As the Bill to establish a Referendum on whether or not the United Kingdom should remain a Member of the E.U. was debated on Tuesday the electorate is now faced with the reality of deciding our country’s future, possibly as early as in May of next year writes Christopher Beazley.
The great majority of the public will be concerned to make their decision on which course best secures the interests of the country, political and economic, and hence the interests of their own communities and families and will be much less fascinated by the fall- out on the political parties at Westminster. One notable exception may be the consideration of whether a “No” vote might accelerate renewed demands for the break up of the UK itself, led by the Scottish Nationalists, with support from many in Wales and Northern Ireland.
Clearly the impact on Britain’s economy of either course will be much debated and the Confederation of British Industry and pro European Spokesmen will be able to demonstrate how much we have gained in jobs, in exports, in inward investment from the achievement of the Single Market and how all of this would be imperilled by withdrawal. In yesterday’s debate Ken Clarke cited the Norwegian and Swiss examples of being obliged to adopt and enact EU legislation while having no say in its formulation.
While the economic arguments are key, it has always been one of the greatest fallacies in the European debate that the EU was designed for and should be exclusively about economic matters. After all Britain’s experience before joining was of setting up E.F.T.A, the European Free Trade Association, which proved utterly inadequate in representing Britain’s interests and nearly all of whose members followed Britain’s example of joining the E.U..

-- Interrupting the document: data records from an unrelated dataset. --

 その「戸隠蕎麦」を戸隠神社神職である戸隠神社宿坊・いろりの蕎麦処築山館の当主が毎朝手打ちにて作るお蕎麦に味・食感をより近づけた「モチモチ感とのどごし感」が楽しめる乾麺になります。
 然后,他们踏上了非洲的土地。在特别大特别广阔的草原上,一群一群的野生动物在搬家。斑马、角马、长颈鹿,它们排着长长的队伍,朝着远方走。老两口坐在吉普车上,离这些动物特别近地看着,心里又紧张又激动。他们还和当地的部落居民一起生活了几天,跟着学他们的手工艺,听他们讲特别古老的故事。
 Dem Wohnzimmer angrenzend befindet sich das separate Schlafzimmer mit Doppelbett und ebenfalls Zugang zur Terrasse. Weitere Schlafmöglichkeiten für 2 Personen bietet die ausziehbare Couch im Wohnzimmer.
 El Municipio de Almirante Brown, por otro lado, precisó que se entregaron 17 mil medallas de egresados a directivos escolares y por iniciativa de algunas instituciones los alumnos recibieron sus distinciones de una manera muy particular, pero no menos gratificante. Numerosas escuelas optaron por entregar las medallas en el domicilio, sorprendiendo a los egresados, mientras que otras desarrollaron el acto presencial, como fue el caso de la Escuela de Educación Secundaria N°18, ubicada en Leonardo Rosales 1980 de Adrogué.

As well as the establishment of the Single Market, the other most significant achievement of the E.U has been to facilitate the re-unification of the European family, following the fall of the Berlin Wall in 1989, enabling Central and Eastern European countries, until then trapped behind the Iron Curtain, to join the EU and NATO.

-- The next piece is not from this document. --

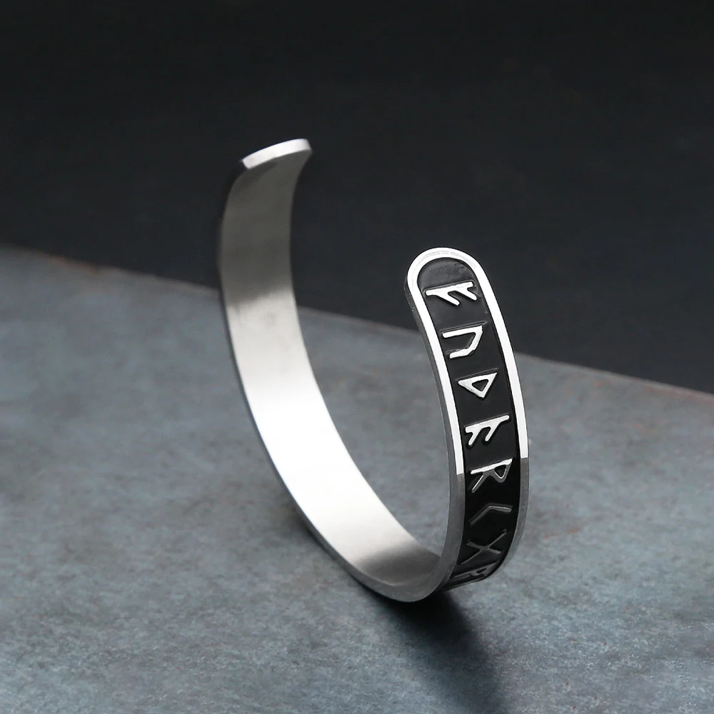 Nordic Stainless Steel Vikings Rune Bracelet Fashion Opening Simple Cuff Bangles For Men Women Amulet Jewelry Gifts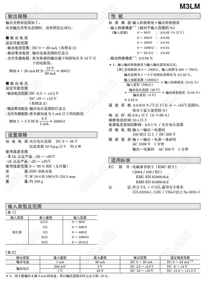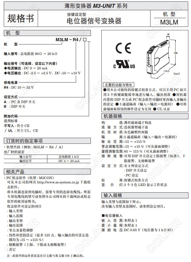 M3LM,M3LM-R4/A,M3LM-R4/B,M3LM-R4/A/UL,M3LM-R4/B/UL,電位器信號變換器(按鍵設定型)

For Poland, the Czech Republic, Slovakia, Slovenia, Hungary, Estonia, Latvia, Lithuania and subsequently Romania and Bulgaria this finally represented the end of the Soviet domination and occupation, which had been their legacy from the 2nd World War for nearly fifty years. This matters to us because the security of our continent matters to us. Those of my immediate post-war generation will remember only too well the repeated repressions of East Germany, Hungary, Czechoslovakia and Poland under Stalin, Brezhnev and their Warsaw Pact forces. Nor should we forget the Hitler Stalin Pact, which agreed the division of Poland between the two criminal dictatorships and the enslavement of the Baltic States within the Soviet Union. This brought about the wholesale deportation of hundreds of thousands of civilian men, women and children to the gulags of Siberia. These Baltic populations were replaced by the forced migration of Soviet citizens to man Stalin’s newly imposed heavy industrial complexes and the Red Army military installations which were only dismantled in 1991.

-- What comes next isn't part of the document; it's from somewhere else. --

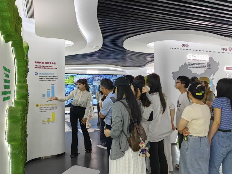 讲解员从天友的经营理念,“世界各国如何看待牛奶”“牛奶为何如此重要”“液态乳制品主要品类及特点”等方面进行详细介绍,并与同学们分享了天友的发展历程、奶牛的养殖和地区分布以及工厂运作流程等信息。

Suffice it to say Britain’s membership of the European Union gives us the opportunity to promote our interests in a peaceful settlement to the current turmoil in the Middle East and in the Russian Federation’s neighbouring countries. The conflicts in Syria and Iraq, in Georgia 2008, in Crimea 2014 and now in Eastern Ukraine are a constant reminder that increasingly the EU must concert its diplomatic and defence capabilities if we are to be effective. Isolated Britain could do nothing to influence world events. As a leading member of the EU we have the ability to exert significant and lasting impact.
To sum it up, in deciding the outcome of the Referendum the British pro European case should clearly demonstrate how vital to our future economic success our active full membership is. Withdrawal would not only imperil our economic prospects but fatally undermine our defence and security capabilities. This crucial point is one our American allies have repeatedly drawn our attention to.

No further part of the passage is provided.